▸ Activity: An exact reproduction of the lines below, from the first through the one with "Certina DS-1 Gent", is the whole answer; pictures have no place in it.

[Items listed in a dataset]

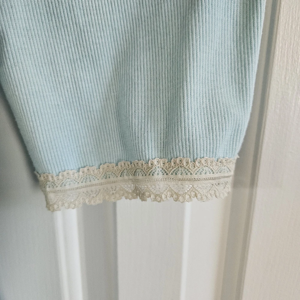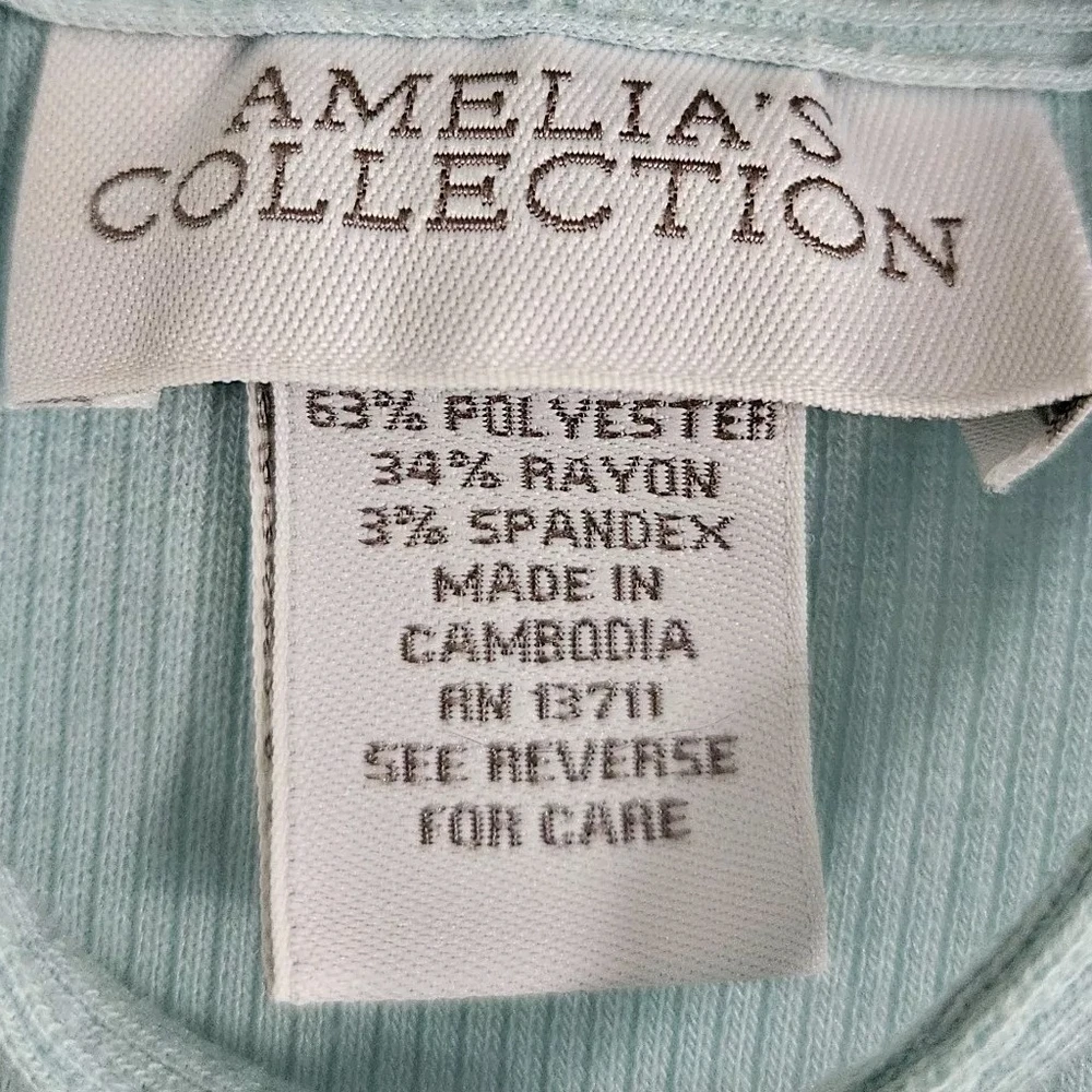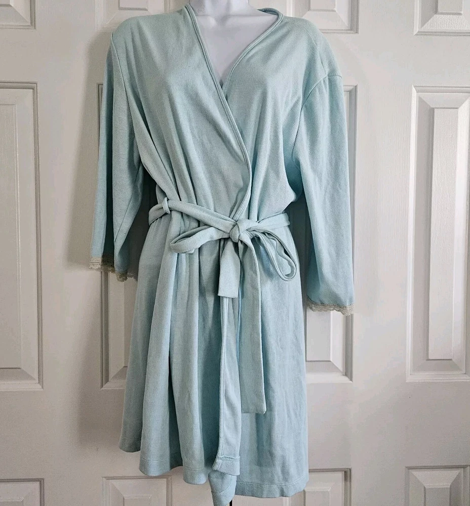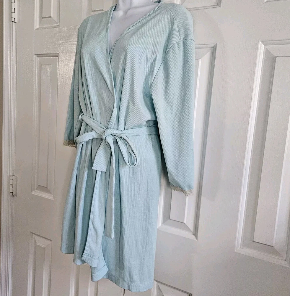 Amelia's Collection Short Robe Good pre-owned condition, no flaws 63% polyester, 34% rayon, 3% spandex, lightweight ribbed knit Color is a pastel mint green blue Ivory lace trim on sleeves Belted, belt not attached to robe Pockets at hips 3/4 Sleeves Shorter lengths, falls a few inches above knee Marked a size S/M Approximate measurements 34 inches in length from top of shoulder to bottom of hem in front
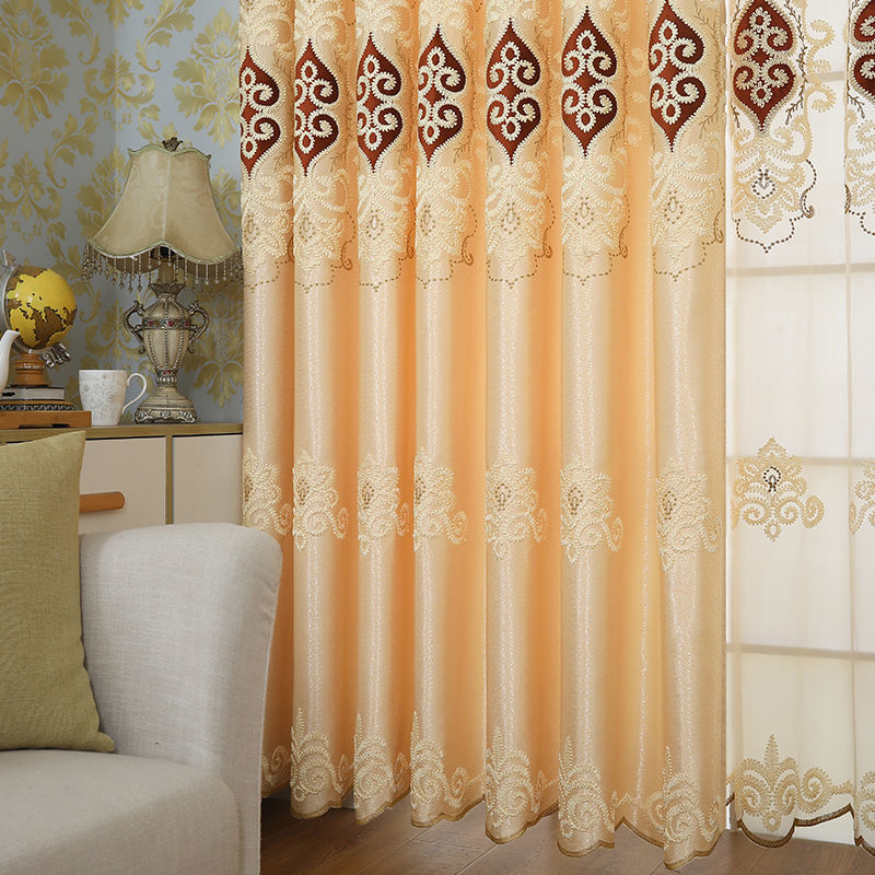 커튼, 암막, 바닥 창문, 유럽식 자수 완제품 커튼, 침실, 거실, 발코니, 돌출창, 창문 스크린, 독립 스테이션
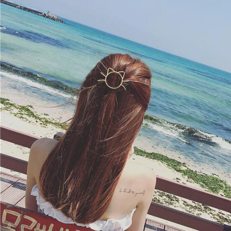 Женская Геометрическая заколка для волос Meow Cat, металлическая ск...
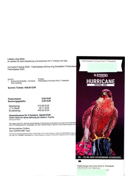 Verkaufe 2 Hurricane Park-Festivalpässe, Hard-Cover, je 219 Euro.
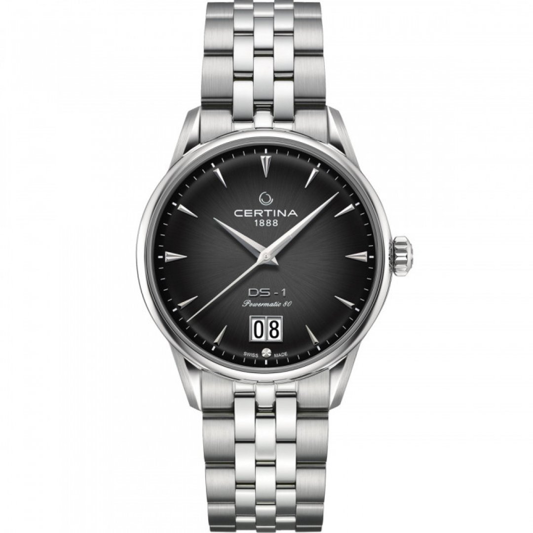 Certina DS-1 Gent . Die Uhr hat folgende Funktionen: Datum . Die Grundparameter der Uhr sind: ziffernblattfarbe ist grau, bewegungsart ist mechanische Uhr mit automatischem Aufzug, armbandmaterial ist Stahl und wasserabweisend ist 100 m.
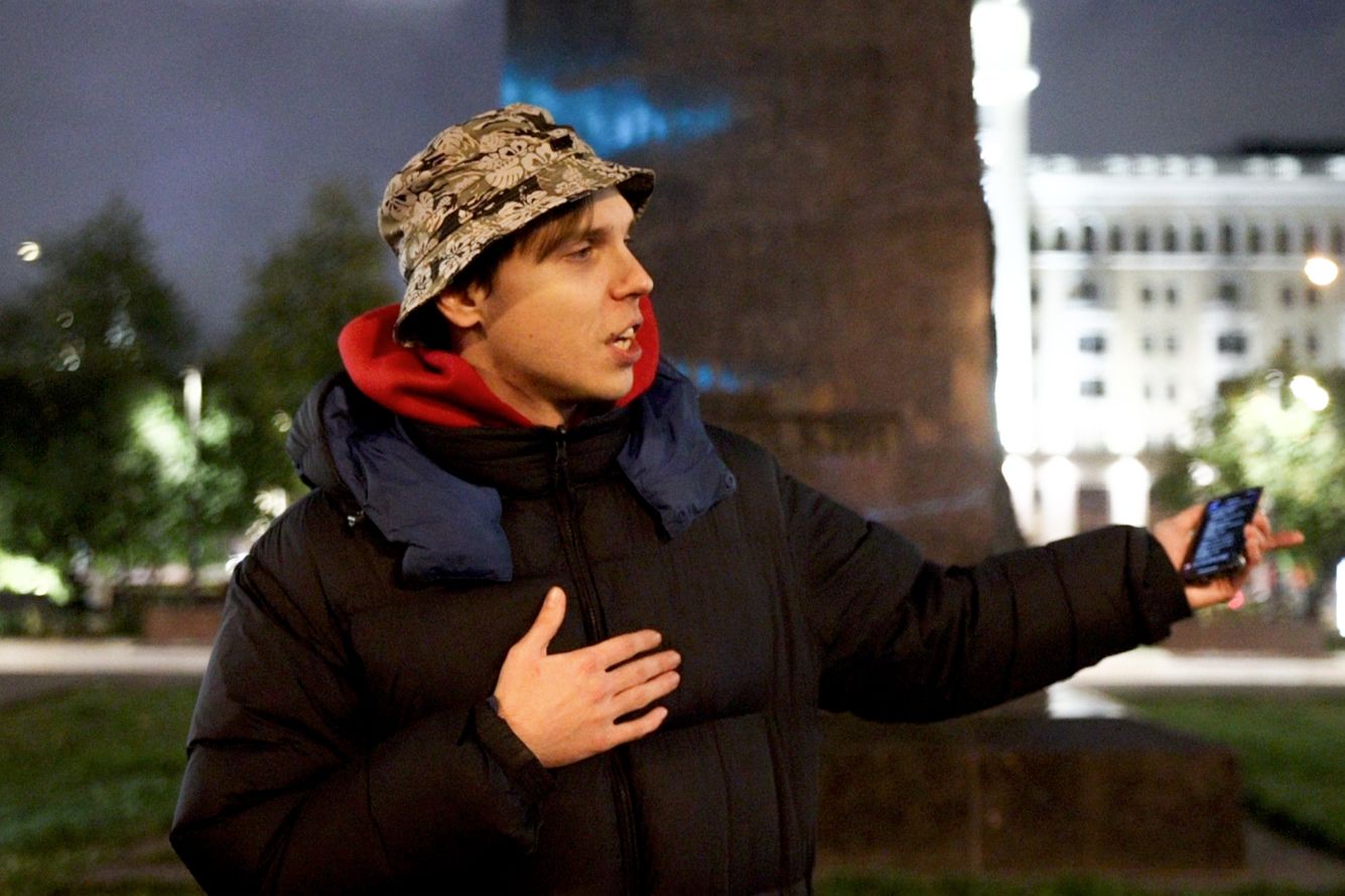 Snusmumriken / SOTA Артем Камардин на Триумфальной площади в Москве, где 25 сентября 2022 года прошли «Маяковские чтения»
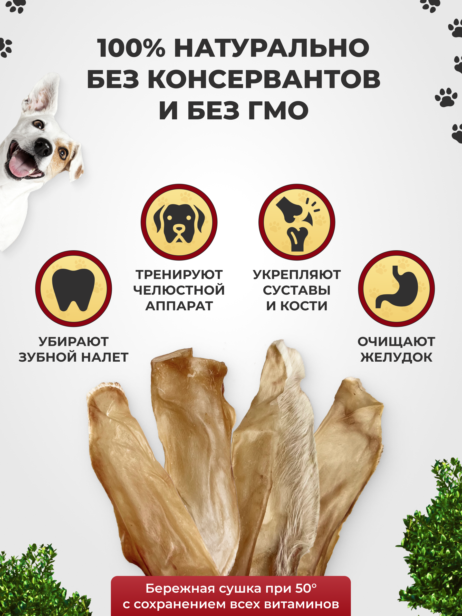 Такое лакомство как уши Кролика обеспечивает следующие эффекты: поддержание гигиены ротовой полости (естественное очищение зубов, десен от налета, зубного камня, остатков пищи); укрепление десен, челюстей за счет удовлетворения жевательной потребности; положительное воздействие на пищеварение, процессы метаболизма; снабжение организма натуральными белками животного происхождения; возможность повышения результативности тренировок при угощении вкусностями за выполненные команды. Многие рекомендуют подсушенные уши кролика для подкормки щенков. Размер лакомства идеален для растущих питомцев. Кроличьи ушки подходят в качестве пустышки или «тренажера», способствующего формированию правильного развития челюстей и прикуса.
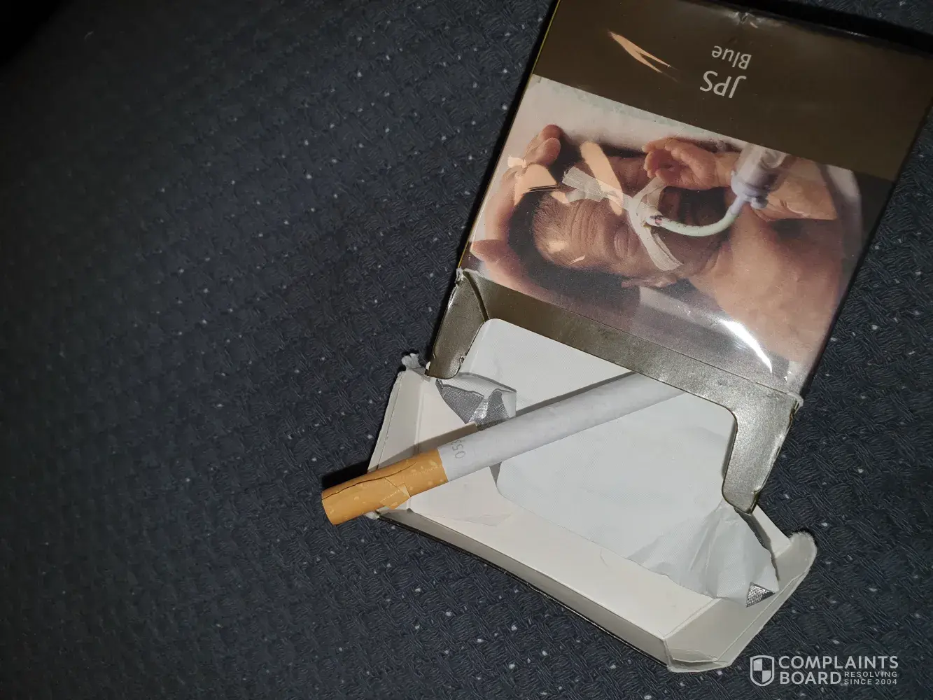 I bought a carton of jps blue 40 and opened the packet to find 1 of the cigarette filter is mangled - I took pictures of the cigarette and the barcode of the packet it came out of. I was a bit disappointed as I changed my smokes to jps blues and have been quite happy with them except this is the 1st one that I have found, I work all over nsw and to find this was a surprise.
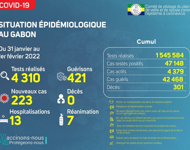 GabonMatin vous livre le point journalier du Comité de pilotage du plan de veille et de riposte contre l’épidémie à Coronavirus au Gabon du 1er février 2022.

▸ Result for this task:
 Amelia's Collection Short Robe Good pre-owned condition, no flaws 63% polyester, 34% rayon, 3% spandex, lightweight ribbed knit Color is a pastel mint green blue Ivory lace trim on sleeves Belted, belt not attached to robe Pockets at hips 3/4 Sleeves Shorter lengths, falls a few inches above knee Marked a size S/M Approximate measurements 34 inches in length from top of shoulder to bottom of hem in front
 커튼, 암막, 바닥 창문, 유럽식 자수 완제품 커튼, 침실, 거실, 발코니, 돌출창, 창문 스크린, 독립 스테이션
 Женская Геометрическая заколка для волос Meow Cat, металлическая ск...
 Verkaufe 2 Hurricane Park-Festivalpässe, Hard-Cover, je 219 Euro.
 Certina DS-1 Gent . Die Uhr hat folgende Funktionen: Datum . Die Grundparameter der Uhr sind: ziffernblattfarbe ist grau, bewegungsart ist mechanische Uhr mit automatischem Aufzug, armbandmaterial ist Stahl und wasserabweisend ist 100 m.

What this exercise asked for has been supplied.